Once I'd absorbed the agreeably bucolic aspect of the ground, the first thing that struck me was the numerous invisibility of children. Rosie Miller, I suspect, had piedpipered them to some village Shangri-la. The appearance of Windy in pads was almost as magical. I knew that the Erratics had only nine players, but Windy, unlike seven of the eleven Mystics, had never before turned out for the Erratics. His transfer had been covertly arranged, and now he was opening the batting with Mark "Mystic" Hailwood. Let none of us pretend that Ernie's first ball was a good one – Mark hammered it to the extra-cover boundary – but the next 29 cost only 8 runs, and one of them bowled Mark. Serenity was the hallmark of Windy's batting, and there's nothing sudden about serenity. He gave one chance, which allowed Duncan both to deny his son an early wicket and to honour a family tradition. After that, he looked ominously secure. It was the other batsmen who fell on their swords. Prakash and Martin Wright picked out Matt Cook in the deep, Gajendra Singh missed a straight one and Jonathan Kirby was stumped after a mid-wicket foxtrot. This was the decisive phase of the innings, during which Fraser Chave and Joseph Thomson shared six wickets and the adulation of multitudes. The explosion of Dominic Prosser followed, much to the chagrin of a battered Cook, then tea and the corporeal presence of children. How different from the home life of our own dear Queen, as a stalwart member of the audience at a gala performance of Othello was heard to remark.

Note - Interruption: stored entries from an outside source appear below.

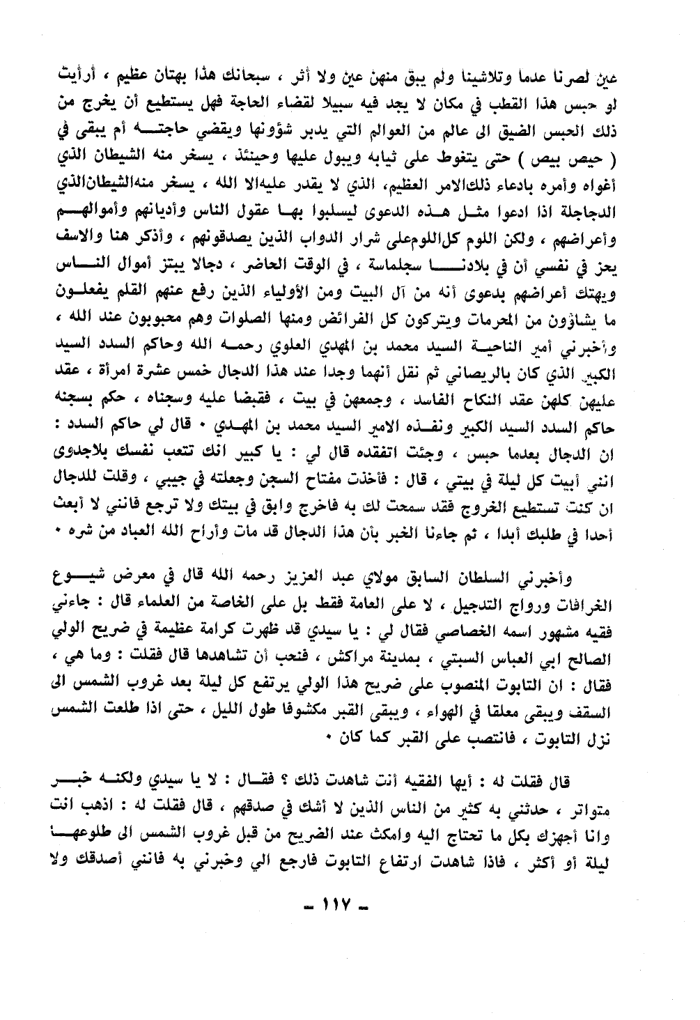 عين لصرنا عدما ولا تلاشينا ولم يبق لهن أثر، سبحانك هذا بهتان عظيم، أرأيت لو حبس هذا القطب في مكان لا يجد فيه سبيلا لقضاء الحاجة فهل يستطيع أن يخرج من ذلك الحبس الضيق إلى عالم من العوالم التي يدبر شؤونها ويقضي حاجته أم يبقى في (حيص بيص) حتى يتغوط على ثيابه ويبول عليها وحينئذ، يسخر منه الشيطان الذي أغواه وأمره بادعاء ذلك الأمر العظيم، الذي لا يقدر عليه إلا الله، ليس اللوم على هؤلاء الدجاجلة إذا ما ادعوا مثل هذه الدعوى ليسلبوا بها عقول الناس وأديانهم وأموالهم وأعراضهم، ولكن اللوم كل اللوم على شرار الدواب الذين يصدقونهم، وأذكر هنا والأسف يحز في نفسي أن في بلادنا سجلماسة، في الوقت الحاضر، دجالا يبتز أموال الناس ويهتك أعراضهم بدعوى أنه من آل البيت ومن الأولياء الذين رفع عنهم القلم يفعلون ما يشاءون من المحرمات ويتركون كل الفرائض ومنها الصلوات وهم محبوبون عند الله، وأخبرني أمير المنطقة محمد بن المهدي العلوي رحمه الله وحاكم السدد السيد الكبير الذي كان بالريصاني ثم نقل أنهما وجدا عند هذا الدجال خمس عشرة امرأة، عقد عليهن كلهن عقد النكاح الفاسد، وجمعهن في بيت، فقبضا عليه وسجناه، حكم بسجنه حاكم السدد السيد الكبير
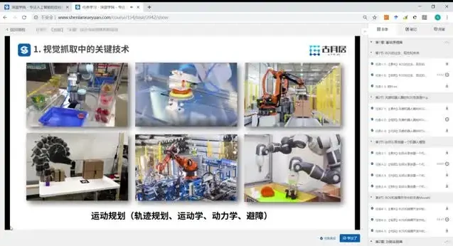 ROS机械臂开发:从入门到实战 - 带课件。 为什么要学习这门课程?如今全球工业机器人市场每年价值高达480亿美元,对机器人技术的需求也正快速增长。国内虽然已有800多家涉及机器人生产的企业,但由于起步晚,大多数公司受限于核心技术的突破,也是机器人工程师急需重点攻克的难题。 ROS的普及对解决各家公司机械臂通信协议不一样的问题具有重大意义。现众多知名公司的机器人平台(或产品)均支持ROS系统,熟练掌握ROS系统的原理与操作已经成为机械臂开发的重要一环。通过系统的教程能够少走很多弯路,更高效地学习机械臂原理,同时理论结合实战,可将所学直接应用到科研实践与工作中。 ├── 第1节 ROS的过去、现…...
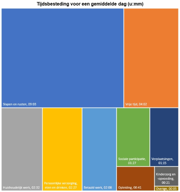 Het voelt wellicht anders aan, maar het aandeel vrije tijd is sterk toegenomen. In 2013 waren we vier uur per dag bezig met onder andere sport, hobby’s, tv kijken en scrollen op sociale media. Recentere cijfers op basis van tijdsbudgetonderzoek zijn (nog) niet beschikbaar. Slapen en rusten is de activiteit die het grootste deel van ons leven inneemt. Gemiddeld doen we dat iets meer dan 9 uur per dag of bijna 38% van onze tijd. Betaalde arbeid staat bij velen centraal in het leven. Toch werken we gemiddeld maar iets meer dan 2 uur per dag, nog geen 10% van de tijd. Uiteraard zijn er grote verschillen tussen individuen. Bovendien besteden we onze tijd tijdens een weekdag heel anders dan in het weekend.

The bowling of 14 overs hadn't disqualified Fraser from opening the batting with Ernie "five-overs" Sharland, and their partnership accounted for a fair proportion of the runs required for victory. The Erratics bowling, though, was admirably tight throughout. Sophie Florides (aged 14) was faster by several m.p.h. than anything the Mystics had contrived. Accurate and niggardly, too. We may have been watching a future Test replacement for Katherine Brunt. In my mind's ear, I can hear Sid boasting of being caught off her back in 2015. He'd been in formidable form up to that point. Meanwhile Ernie went on with his relentless accumulation until the crunch point. One run to win, and his score standing at 94: Prakash bowling and an inviting vacancy over long off. The scorebook can't record the fact that the intended strike for six hung in the air like a metaphor for brewer's droop before dropping like a tired snowflake less than half way to the boundary. The Chairman was at the non-striker's end to witness up close the moment that saw his team regain his Cup.